Yes it does, but that's not my focus for wanting it. I just think it looks soo neat

Reactions: Agree 2


----------



## Rowan Francis

I do love those ...


----------



## Raslin

Being wanting to build one of those for a while now. I think its going to be my 2015 project.

Reactions: Like 1


----------



## free3dom

Very nice! It would just need some decent cooling (luckily there is more than enough space) or that top is gonna get uncomfortably warm


----------



## Marzuq

that is sick!! i doubt id ever leave my desk if it looked like that. its perfectly designed to suit your every OCD need.
will likely cost a small fortune to have it designed and built tho. beautiful


----------



## BhavZ

Man oh man that is gorgeous

where do I sign up?

Reactions: Like 1


----------



## Gizmo

So i am still wanting for this to be done. However, I came accross this

http://www.landmarkpc.co.za/store/lianli-dk02-black-eatx-chassis-p-12653.html




What you guys think?


----------



## Rob Fisher

Love the idea that you can pack it with techie stuff... but they are as UGLY as sin!


----------



## Gizmo

Rob Fisher said:


> Love the idea that you can pack it with techie stuff... but they are as UGLY as sin!

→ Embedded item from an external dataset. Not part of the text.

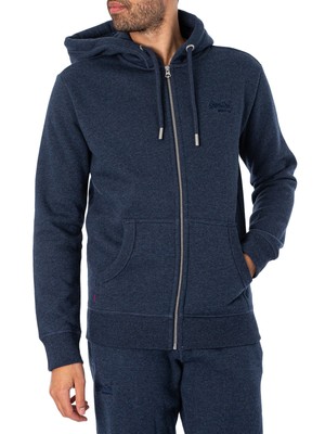Мужская толстовка на молнии с вышитым логотипом Superdry, синяя, Синий

Its stunning!! I am still trying to warrant the price though, in my head.. So I may possibly get it.

Reactions: Like 1


----------



## Riddle

@Gizmo I have spoken to a furniture company that I used to work for previously. They said if I can give them specs they will put it together no problem.


----------



## Raslin

I think the ultimate satisfaction would be if you build it yourself to spec, including the pc/pc's inside.

Reactions: Agree 2


----------



## Gizmo

Raslin said:


> I think the ultimate satisfaction would be if you build it yourself to spec, including the pc/pc's inside.



I agree, but I don't have those skills unfortunately. If anyone would like to do this Job for me I am offering R6k


----------



## Raslin

Hmm, tempting I will haves some time on my hands soon . I would consider doing it. Will let you know.

Sent from my S5 while vaping on my Subtank


----------



## Guunie

I used to mod pcs... And I've always wanted to build one of those for a customer...if only I didn't have obligations as a parent to give my family the time they deserve...would have been all over this for you @Gizmo


----------



## Guunie

It's about a weeks worth of work...would you want it made out of metal or wood?


----------



## Xhale

I remember this as a retail product..here's a youtube...by Uk based Scan computers. The monitors rise up out of the desk.
Worth a look for inspiration


----------



## DemonicBunnee

Giz, look up the guy on Carb who built the omega desk, maybe he can sort you out.


----------



## Gizmo

Anyway, I finally got to doing it. I had to return an item and got credit from the supplier and had to pay in tiny a bit to purchase the Lian-Li DK-02X and this is the result.

I didn't use the keyboard and mouse tray not my style. I am super chaffed with this.. Who needs those fugly, space taking cases anyway!

This is the result.

Reactions: Like 5


----------



## Gizmo

I will work on the cable management over time. I would also like to thank @Rowan Francis for helping me for about 7 hours  You are a champion sir.

Reactions: Thanks 1


----------



## Andre

That is so cool! Enjoy.


----------



## gertvanjoe

That looks awesome


----------